Amazing! I love herons. Brave Galen.


----------



## For Want of Poodle (Feb 25, 2019)

We had a heron that flew down the river regularly between the trees when I was a teenager. The dogs delighted in chasing it. This progressed to chasing the ducks which progressed to chasing migratory geese which progressed to chasing airplanes.... Yup, jets thousands of feet in the air. 

Never caught any birds to my knowledge, but they did a good job of keeping those airplanes from landing in our yard!


----------



## Deere (Jun 25, 2021)

For Want of Poodle said:


> We had a heron that flew down the river regularly between the trees when I was a teenager. The dogs delighted in chasing it. This progressed to chasing the ducks which progressed to chasing migratory geese which progressed to chasing airplanes.... Yup, jets thousands of feet in the air.
> 
> Never caught any birds to my knowledge, but they did a good job of keeping those airplanes from landing in our yard!
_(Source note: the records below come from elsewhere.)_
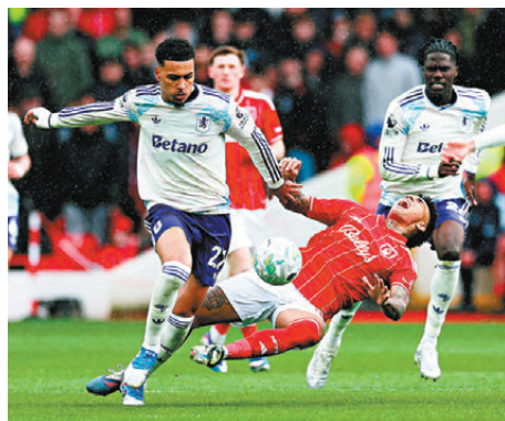
●維拉(白衫)上輪聯賽刻意留力，全力備戰今場大戰。

維拉目前有查頓辛祖、明斯及保巴卡卡馬拉肯定因傷缺陣，上仗賽前受傷的門將達米安馬天尼斯亦上陣成疑，不過球隊陣容仍全方位力壓今場對手博洛尼亞。英格蘭國腳中鋒奧利屈堅斯近況不俗，近四仗攻入三球並交出一記助攻，中場泰利文斯、阿馬度奧拿拿及約翰麥甘尼攻守兼備，再加上進攻重心摩根羅渣士今季大熱大勇，維拉入球能力不成問題。反觀博洛尼亞防線有兩員大將史高盧斯基及祖漢盧古美缺陣，勢難阻擋維拉的強大進攻火力，維拉可望在主場再下一城，繼續向着球會史上首個歐霸盃冠軍邁進。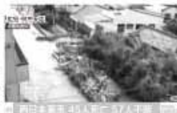
西日本豪雨被災地広島県広島市

我がクラブ、チャーターナイト51周年の記念事業として、西日本豪雨災害を受けた、グリーン盟友クラブへ義援金として送金。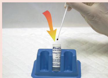
(2) Đặt que cấy đầu vòng tròn (chứa máu) vào bộ dụng cụ xét nghiệm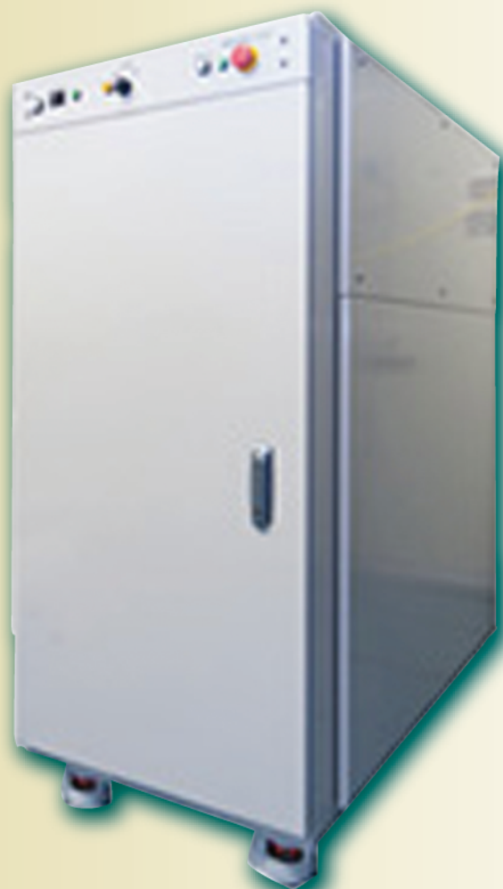
4kW連続波ファイバレーザー FLC-4000-Wシリーズ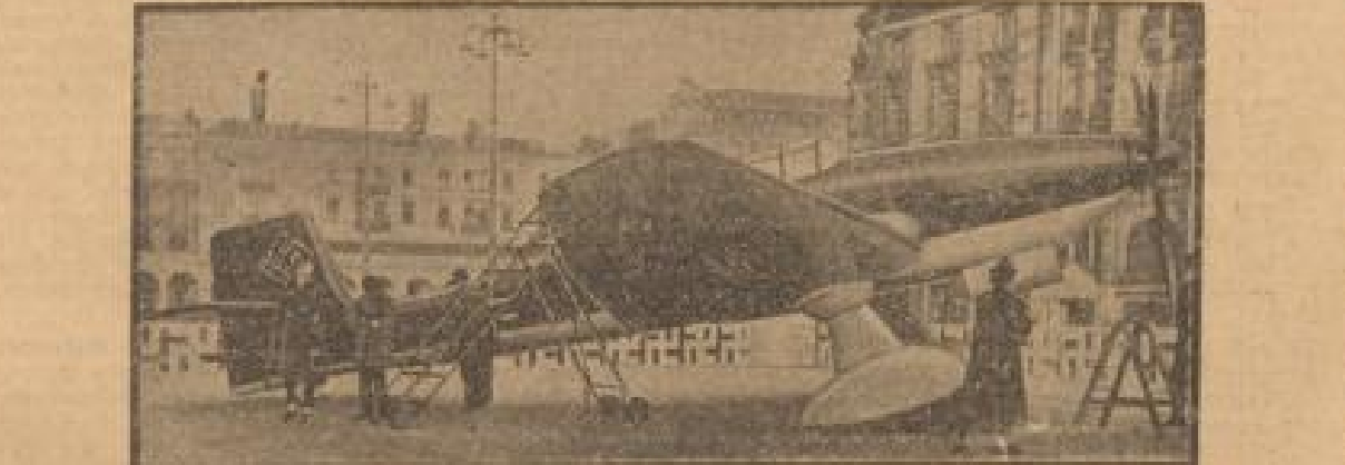
Hamburg nagelt Stuka-Modelle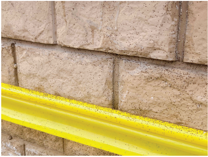
大量小虫爬满墙 看着头皮发麻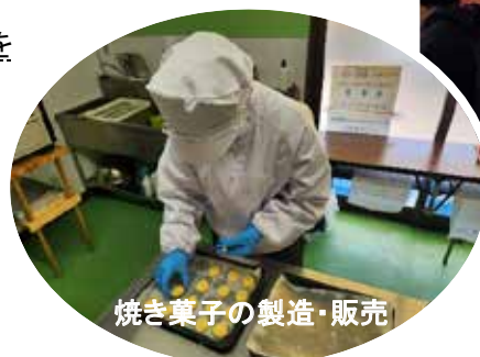
焼き菓子の製造・販売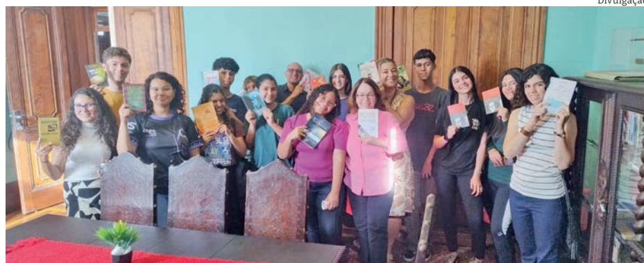
Os primeiros integrantes a 'APL Jovem' são estudantes das escolas públicas

Na primeira reunião do grupo, os integrantes conheceram um pouco da história da APL, refletiram sobre os propósitos de uma academia de letras e participaram de uma animada conversa sobre grandes histórias da literatura que foram adaptadas para outras linguagens (filmes, séries e quadrinhos). Ao final, todos ganharam livros, gentilmente cedidos pela biblioteca municipal "Vereador Rômulo Campos D'Arace".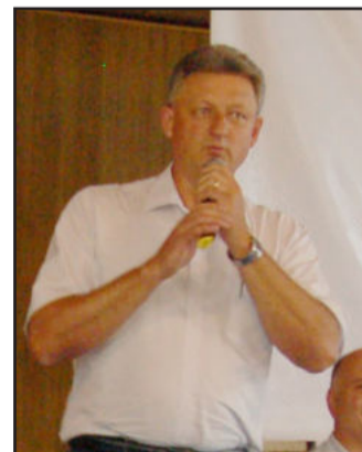
Magedanz acredita que soluções estão nas comunidades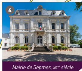
Mairie de Sepmes, XIX e siècle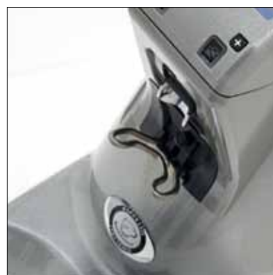
Corpo in alluminio Alluminium body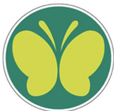
【聴覚障害者標識 (聴覚障害者マーク)】 所管：警察庁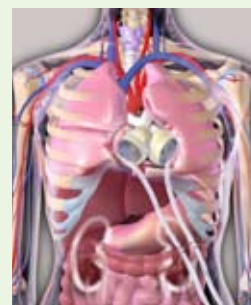
CardioWest™ Total Artificial Heart

Du hittar aktuell statistik om transplanterade organ på www.donationsradet.se .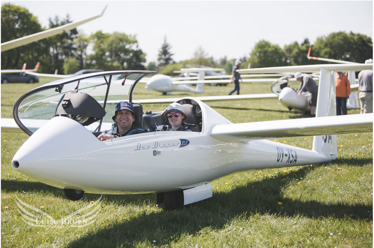
Svæveflyvecenter Arnborgs Duo Discus XLT

I have a male Great Blue Heron that flys low over my backyard and house every evening before dark/dusk like clock work; he's low enough that Ivan(spoo) and I can easily see the color of legs, feet and belly. He flies from the river to a different pond in my neighborhood and as the seasons change his time to fly over changes to match the beginning of dusk. He is beautiful. We also have Canada Geese, variety of ducks, hawks/raptors and birds migrating to the river for the coming winter. I always feel very privileged to view nature.


----------



## Basil_the_Spoo (Sep 1, 2020)

Oh that's coool. We see herons every once in a while. Pretty bird.


----------



## Michigan Gal (Jun 4, 2019)

Since we have a pond we are visited by herons. For a few years we had one come in the morning and a second come in the afternoon. I guess it must be a territory thing Because I saw them both at the same time one morning and I think they were sizing each other up. After that, the younger only came in the afternoon. I would go for creek and fish rather than driveway and rodents.
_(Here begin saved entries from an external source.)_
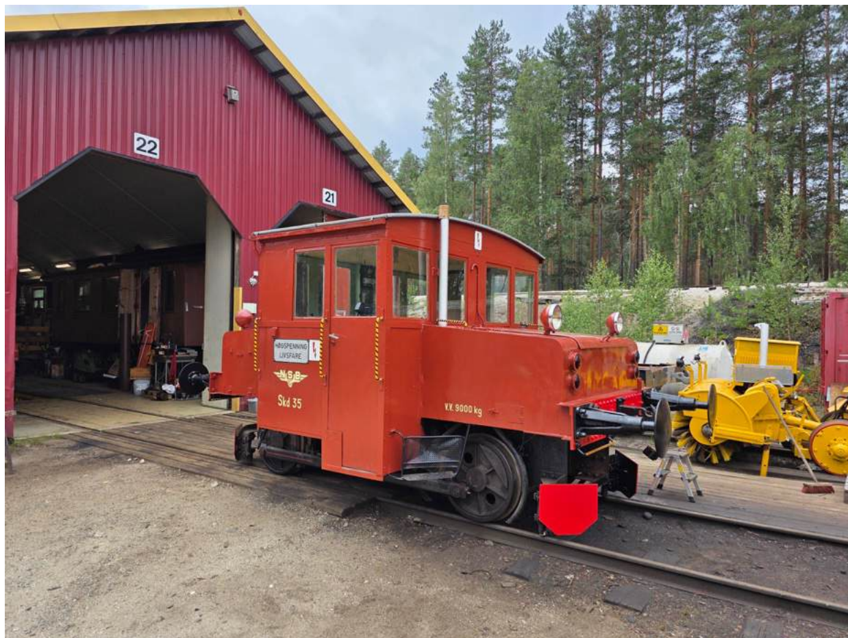
Skd 206.35 ferdig restaurert.

Skd 206.35: Traktoren ble ferdig restaurert i løpet av sommeren og var klar til bruk på stordriftsdagen. Traktoren har gjennomgått årskontroll. Det kan nevnes nye sjablonger og arbeid med veggfelt, medgått tid 42 timer.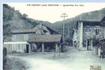
Lavoir dans les années 1940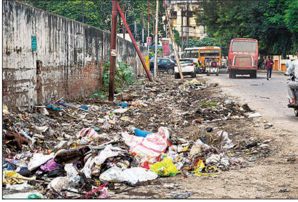
सीएमओ कार्यालय के पास रोड पर पड़ा कूड़ा।

हजरतगंज में लखनऊ क्लब के पास खुले में बने पड़ाव घर पर दिन भर कूड़ा पड़ा रहता है। इससे कालोनी के निवासी और राहगीर गंदगी और बदबू के बीच निकलने को मजबूर हैं। नगर निगम ने इन पड़ाव घरों को कागजों पर तो समाप्त कर दिया है लेकिन कूड़ा अभी भी यहीं डाला जा रहा है।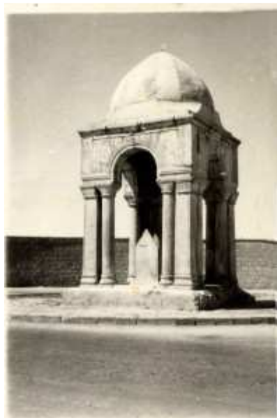
Tomb of the Girl in an undated photograph.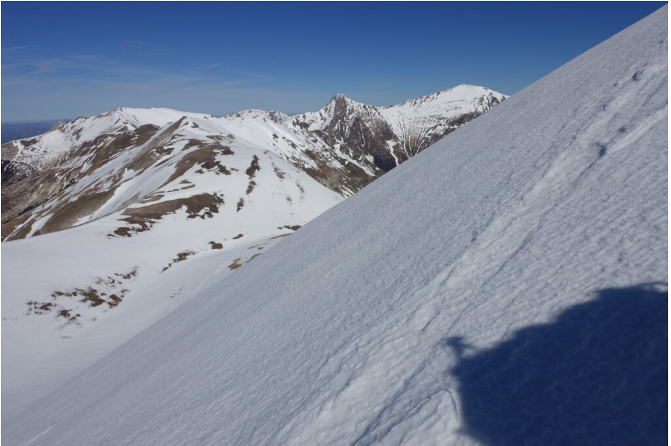
14- Il pendio finale prima della cima.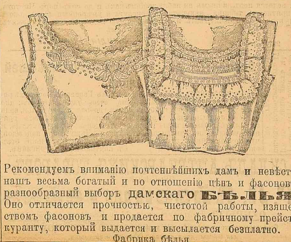
Рекомендуемъ вниманию почтеннѣйшихъ дамъ и невѣстъ нашь весьма богатый и по отношению цѣвъ и фасоновъ разнообразный выборъ дамскаго платья.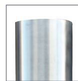
Opzione opaco / satinato.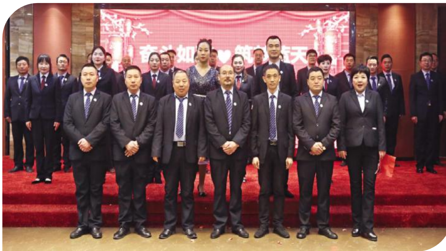
合唱司歌《梦翔蓝天》公司全员合影留念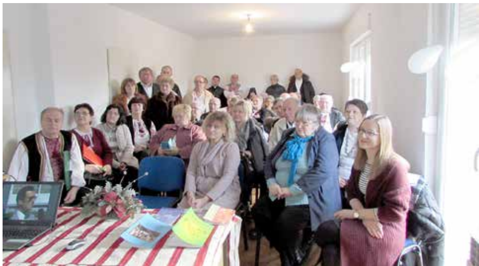
Публика на збуваню

The first time my standard poodle (60 pounds) saw a Great Blue Heron he very wisely kept his distance.


----------



## BennieJets (Oct 10, 2021)

I LOVE herons. 
Our family went kayaking this summer-- we live near some pretty amazing waterways and forests where I live. And during the trip a heron flew back and forth in front of me, just a few feet away. Then an adolescent one let my son, daughter and partner paddle up to it, about six feet away, while it speared and ate a fish. So magical 😍 I'm really into synchronicity and feeling that unspeakable connection we have to all living things.


----------



## cowpony (Dec 30, 2009)

BennieJets said:


> I LOVE herons.
> Our family went kayaking this summer-- we live near some pretty amazing waterways and forests where I live. And during the trip a heron flew back and forth in front of me, just a few feet away. Then an adolescent one let my son, daughter and partner paddle up to it, about six feet away, while it speared and ate a fish. So magical 😍 I'm really into synchronicity and feeling that unspeakable connection we have to all living things.


This one was giving off a vibe of awkward panic rather than majesty. His almost 2 meter wingspan was much too large for the air space. He definitely needed a bigger runway.


----------